# DATA SHOWN
====
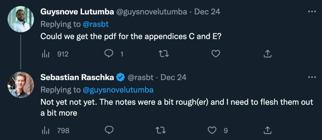 Sebastian Raschka 表示,目前附录 C 和附录 E 的内容还在整理中,访问链接尚未公布,读者需要稍加等待。
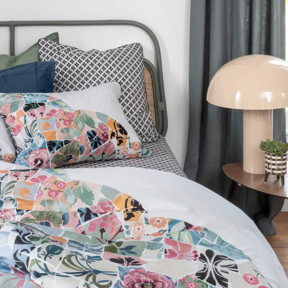 Partez à la découverte de l’architecture barcelonaise avec la taie d’oreiller Azulejos ! Hommage aux réalisations d’Antoni Gaudí, architecte et créateur de génie, cette collection en percale de coton se distingue par son impressionnante composition aquarellée aux effets de mosaïques en 3D. Laissez-vous séduire par cette taie d’oreiller réversible qui mêle maxi et micro-motifs pour un jeu de contrastes saisissant.
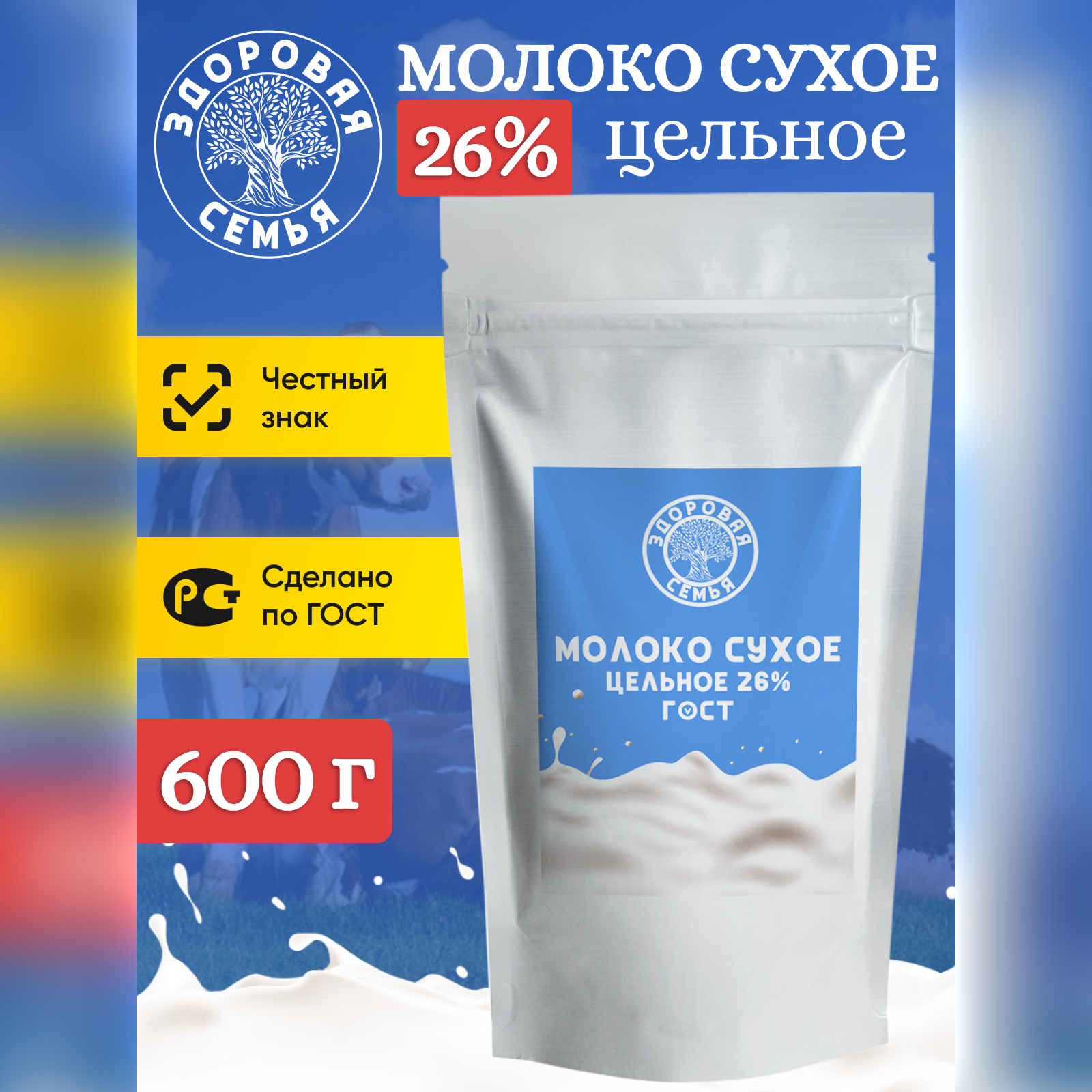 Молоко сухое Здоровая Семья цельное 26% ГОСТ, 600 г, натуральное, заменитель молока для чая, кофе и выпечки, без сахара информация:
====
# PROBLEM DETAILS
When you copy the listing above, reproduce every line exactly and skip the images.

# WRITTEN RESPONSE
 Sebastian Raschka 表示,目前附录 C 和附录 E 的内容还在整理中,访问链接尚未公布,读者需要稍加等待。
 Partez à la découverte de l’architecture barcelonaise avec la taie d’oreiller Azulejos ! Hommage aux réalisations d’Antoni Gaudí, architecte et créateur de génie, cette collection en percale de coton se distingue par son impressionnante composition aquarellée aux effets de mosaïques en 3D. Laissez-vous séduire par cette taie d’oreiller réversible qui mêle maxi et micro-motifs pour un jeu de contrastes saisissant.
 Молоко сухое Здоровая Семья цельное 26% ГОСТ, 600 г, натуральное, заменитель молока для чая, кофе и выпечки, без сахара информация:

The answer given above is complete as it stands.